= Mestawet Tufa =

Ethiopian long-distance runner

Mestawet Tufa (Amharic: መስታወት ቱፋ; born 14 September 1983 in Arsi) is an Ethiopian long-distance runner. She was the winner of the women's 10,000 metres at the 2007 All-Africa Games and the runner up in the senior women's race at the 2008 World Cross Country Championships.

==Career==
She competed at the Olympic Games, but did not finish her 10,000 metres race.

Tufa equaled the 15 Kilometres road running African record of 46:57 minutes in Nijmegen in November 2008. Elana Meyer had run the same time in 1991.

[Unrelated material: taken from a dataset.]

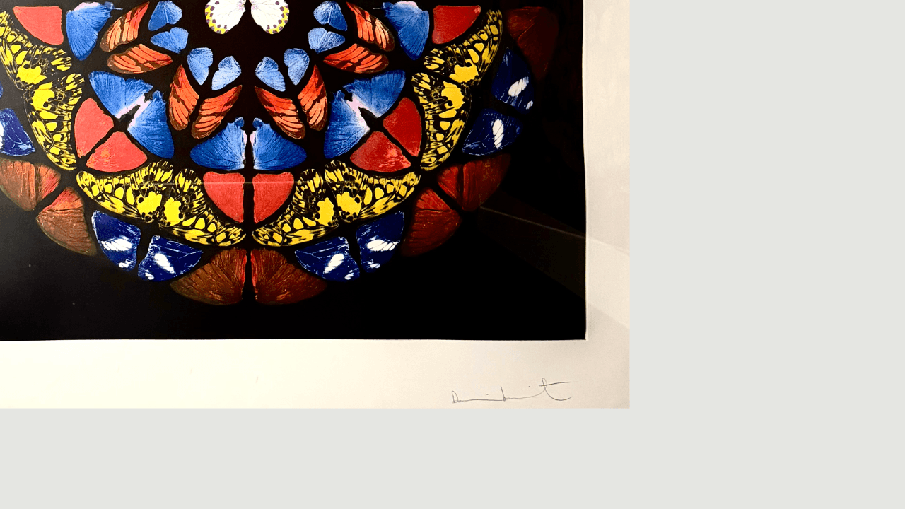 Sanctum Belfry incarne le motif iconique du papillon de Damien Hirst, combinant symétrie architecturale, couleurs vives et symbolisme spirituel dans une édition limitée à 59 exemplaires. Fortement reconnaissable et très prisée des collectionneurs, cette œuvre offre aux investisseurs l'opportunité d'accéder à un artiste contemporain de premier plan, mondialement reconnu, dont la profondeur du marché et la pertinence culturelle durable sont avérées.

She competed in her first mountain race at the Obudu Ranch International Mountain Race in Nigeria. She ran strongly, leading the race until the last 400 m. However, she failed to finish as she collapsed 50 m from the finish line due to severe dehydration and was treated by a medical team. She returned to the race the following year and finished as runner-up, just one second behind the winner Mamitu Daska.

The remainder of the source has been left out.